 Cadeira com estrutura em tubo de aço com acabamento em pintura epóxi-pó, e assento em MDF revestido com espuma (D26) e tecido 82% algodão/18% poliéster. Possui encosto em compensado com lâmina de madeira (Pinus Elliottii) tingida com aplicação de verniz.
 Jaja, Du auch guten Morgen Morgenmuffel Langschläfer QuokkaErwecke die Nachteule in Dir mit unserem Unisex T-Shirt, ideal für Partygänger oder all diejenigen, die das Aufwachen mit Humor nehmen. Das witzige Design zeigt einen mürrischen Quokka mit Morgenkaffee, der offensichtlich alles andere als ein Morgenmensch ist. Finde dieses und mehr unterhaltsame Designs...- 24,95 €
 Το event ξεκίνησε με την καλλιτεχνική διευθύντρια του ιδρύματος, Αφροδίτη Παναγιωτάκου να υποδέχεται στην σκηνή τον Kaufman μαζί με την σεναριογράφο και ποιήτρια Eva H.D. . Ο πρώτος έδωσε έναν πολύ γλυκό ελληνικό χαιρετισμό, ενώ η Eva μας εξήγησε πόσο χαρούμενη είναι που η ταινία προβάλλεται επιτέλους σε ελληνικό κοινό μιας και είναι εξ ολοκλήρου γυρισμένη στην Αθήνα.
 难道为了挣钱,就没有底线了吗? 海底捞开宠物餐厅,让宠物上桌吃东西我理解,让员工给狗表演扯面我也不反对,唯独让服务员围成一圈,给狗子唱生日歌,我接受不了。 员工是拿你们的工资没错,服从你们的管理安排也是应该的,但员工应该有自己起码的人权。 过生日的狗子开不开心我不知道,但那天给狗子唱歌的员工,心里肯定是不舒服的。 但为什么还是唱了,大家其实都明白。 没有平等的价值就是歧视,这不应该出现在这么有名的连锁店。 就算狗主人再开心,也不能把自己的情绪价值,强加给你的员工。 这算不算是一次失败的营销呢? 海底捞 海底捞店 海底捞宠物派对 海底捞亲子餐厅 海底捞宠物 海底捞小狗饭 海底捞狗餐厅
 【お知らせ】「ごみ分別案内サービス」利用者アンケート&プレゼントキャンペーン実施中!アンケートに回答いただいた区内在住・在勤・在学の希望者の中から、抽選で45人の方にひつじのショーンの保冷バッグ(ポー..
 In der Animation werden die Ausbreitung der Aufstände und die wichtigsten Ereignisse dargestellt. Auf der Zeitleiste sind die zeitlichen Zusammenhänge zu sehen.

* * *

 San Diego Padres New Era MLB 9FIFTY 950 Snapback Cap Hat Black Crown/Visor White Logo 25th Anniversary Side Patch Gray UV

...

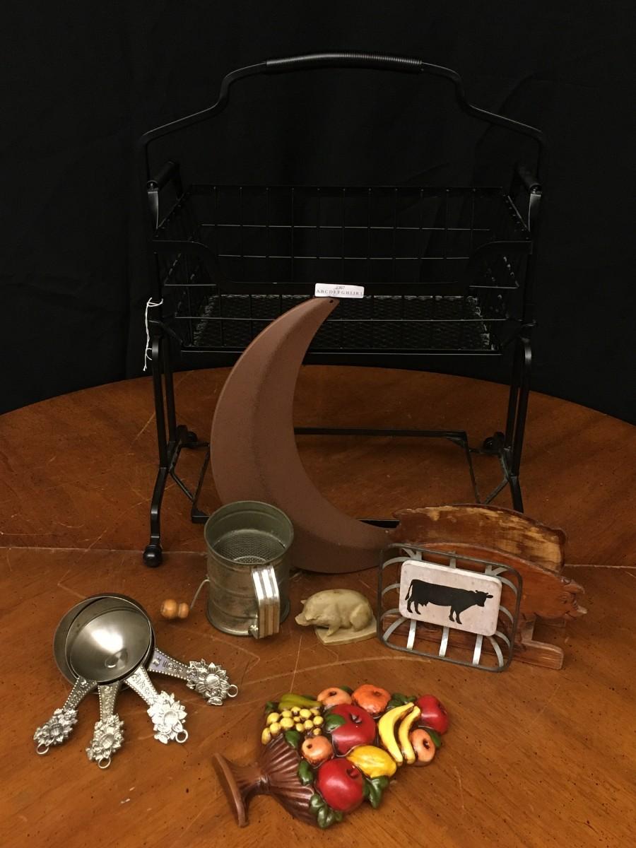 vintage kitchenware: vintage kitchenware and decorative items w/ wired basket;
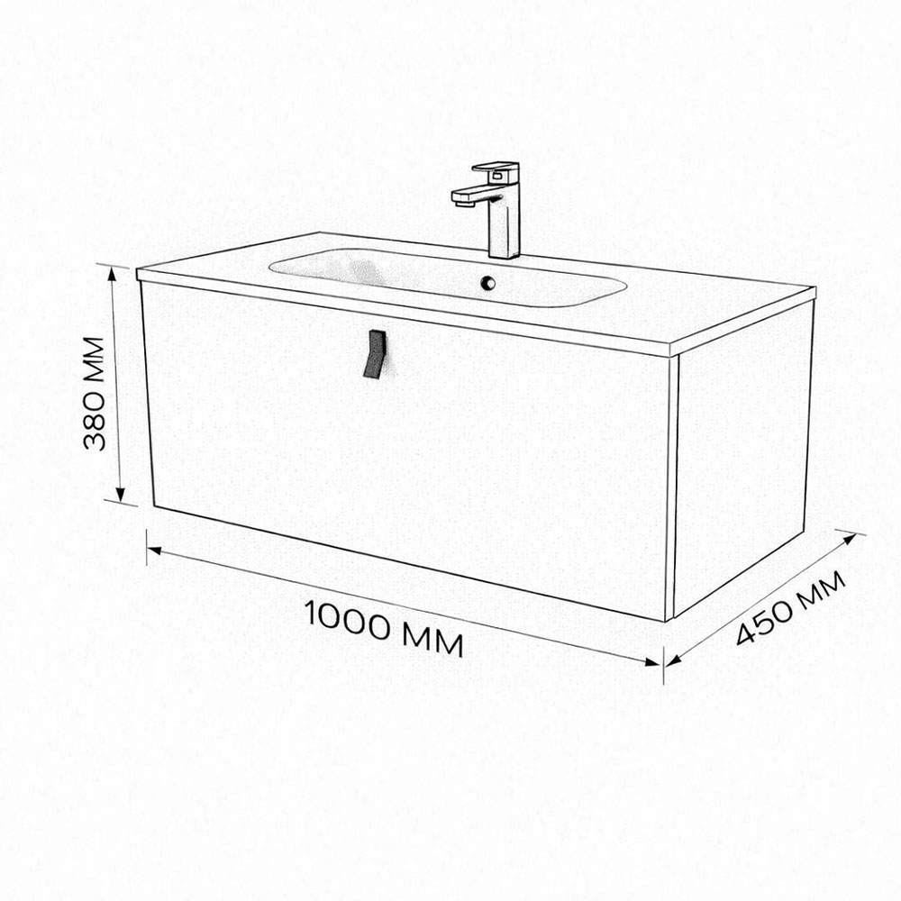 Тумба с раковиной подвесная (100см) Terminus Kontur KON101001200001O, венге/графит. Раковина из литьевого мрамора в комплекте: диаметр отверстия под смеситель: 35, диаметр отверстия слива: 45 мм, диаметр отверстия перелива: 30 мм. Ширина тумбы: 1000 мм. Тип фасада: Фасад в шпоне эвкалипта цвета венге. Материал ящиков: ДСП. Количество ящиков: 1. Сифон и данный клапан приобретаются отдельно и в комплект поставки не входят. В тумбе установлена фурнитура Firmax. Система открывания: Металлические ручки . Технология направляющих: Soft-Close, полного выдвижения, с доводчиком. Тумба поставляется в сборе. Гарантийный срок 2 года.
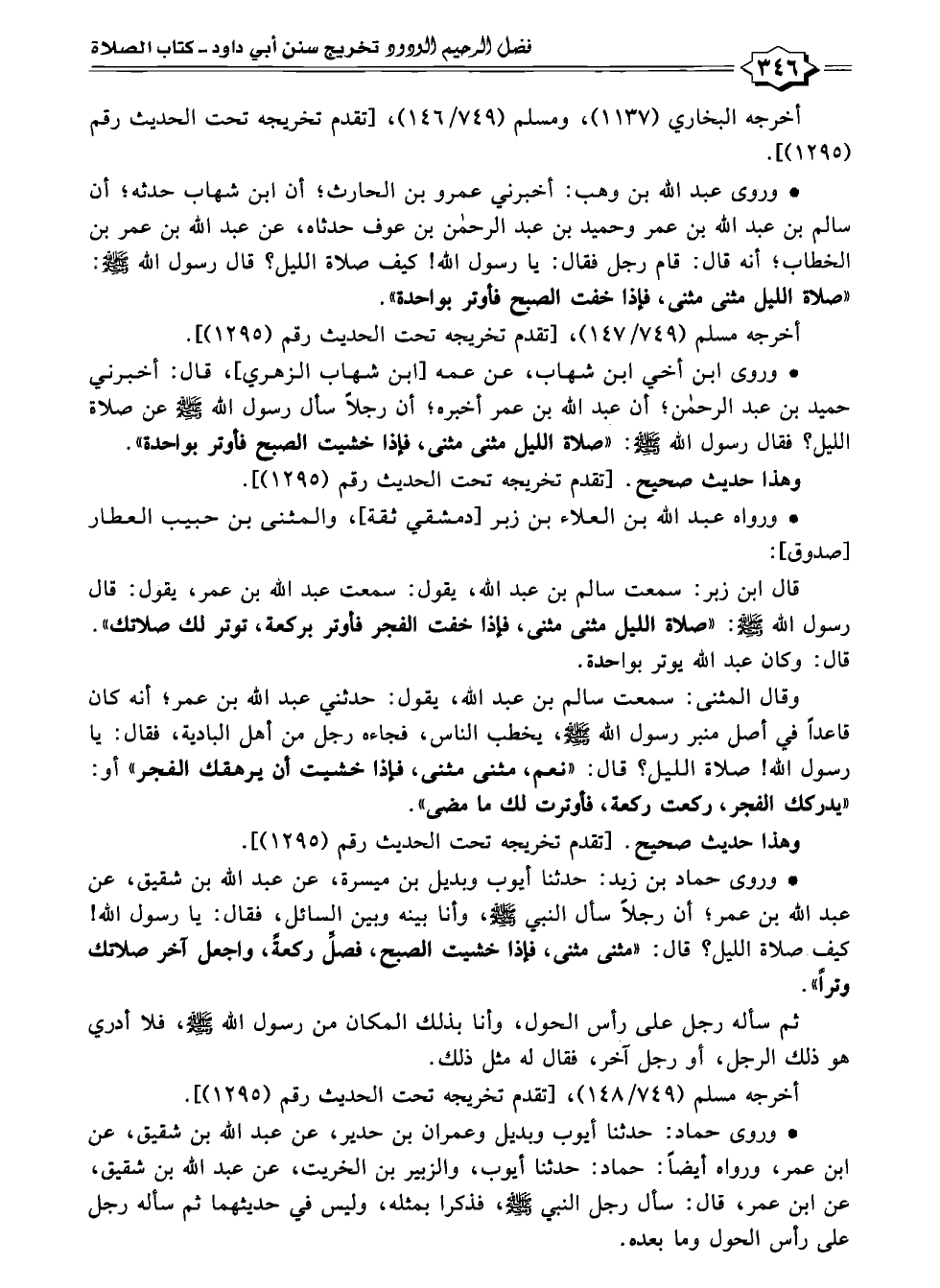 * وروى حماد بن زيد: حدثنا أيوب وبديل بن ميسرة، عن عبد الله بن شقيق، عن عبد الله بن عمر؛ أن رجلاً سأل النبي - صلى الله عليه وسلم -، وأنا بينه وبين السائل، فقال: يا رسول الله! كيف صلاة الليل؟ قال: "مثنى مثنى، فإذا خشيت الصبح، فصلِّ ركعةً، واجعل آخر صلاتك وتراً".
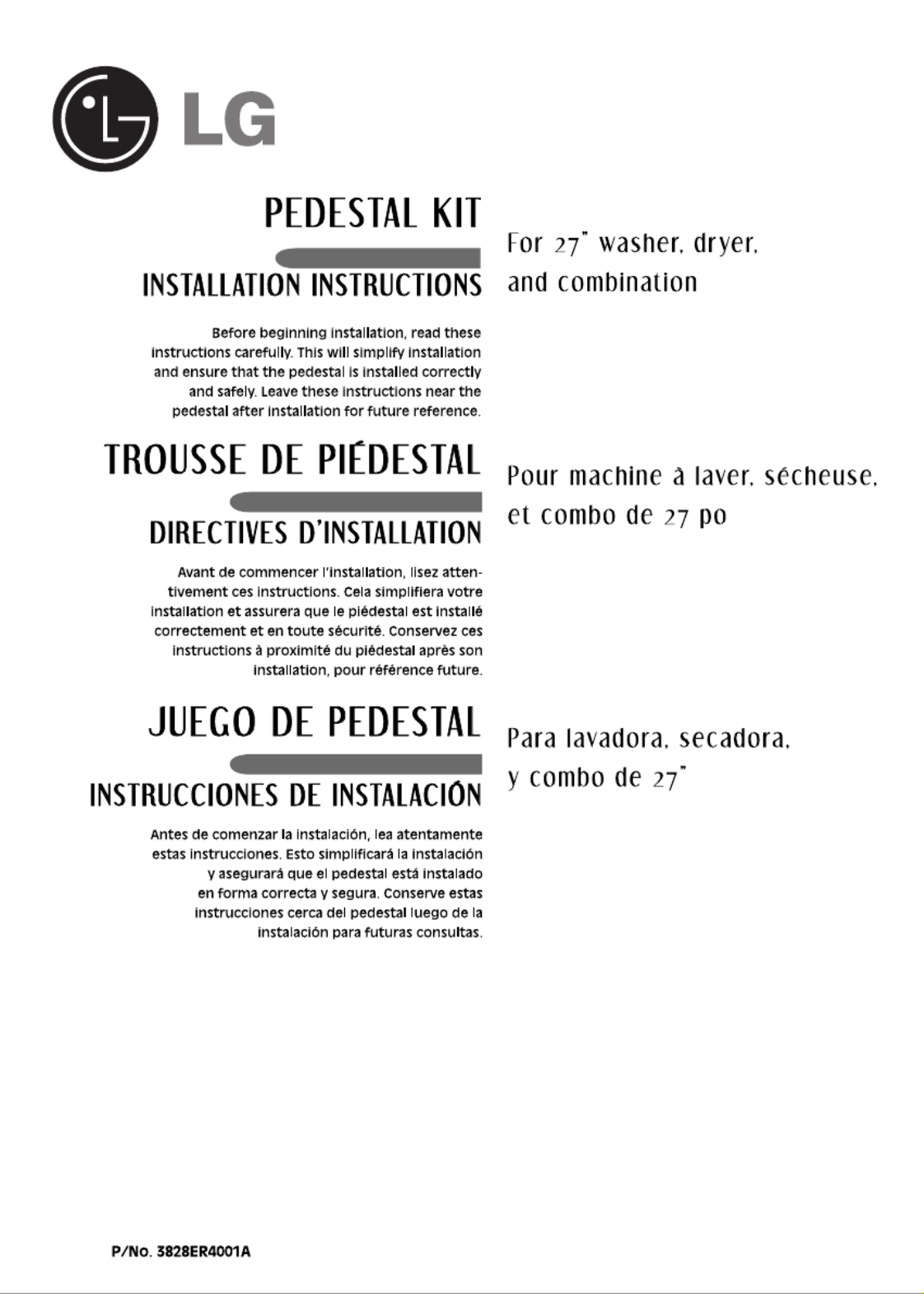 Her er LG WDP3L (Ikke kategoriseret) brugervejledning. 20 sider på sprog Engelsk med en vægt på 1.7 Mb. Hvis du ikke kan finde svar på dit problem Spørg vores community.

- _TASK DIRECTIONS_:
Return exactly, and only, the lines above starting at the line that contains "海底捞宠物 海底捞小狗饭 海底捞狗餐厅" and ending at the line that contains "In der Animation".

- _RESULT OF THE TASK_:
 难道为了挣钱,就没有底线了吗? 海底捞开宠物餐厅,让宠物上桌吃东西我理解,让员工给狗表演扯面我也不反对,唯独让服务员围成一圈,给狗子唱生日歌,我接受不了。 员工是拿你们的工资没错,服从你们的管理安排也是应该的,但员工应该有自己起码的人权。 过生日的狗子开不开心我不知道,但那天给狗子唱歌的员工,心里肯定是不舒服的。 但为什么还是唱了,大家其实都明白。 没有平等的价值就是歧视,这不应该出现在这么有名的连锁店。 就算狗主人再开心,也不能把自己的情绪价值,强加给你的员工。 这算不算是一次失败的营销呢? 海底捞 海底捞店 海底捞宠物派对 海底捞亲子餐厅 海底捞宠物 海底捞小狗饭 海底捞狗餐厅
 【お知らせ】「ごみ分別案内サービス」利用者アンケート&プレゼントキャンペーン実施中!アンケートに回答いただいた区内在住・在勤・在学の希望者の中から、抽選で45人の方にひつじのショーンの保冷バッグ(ポー..
 In der Animation werden die Ausbreitung der Aufstände und die wichtigsten Ereignisse dargestellt. Auf der Zeitleiste sind die zeitlichen Zusammenhänge zu sehen.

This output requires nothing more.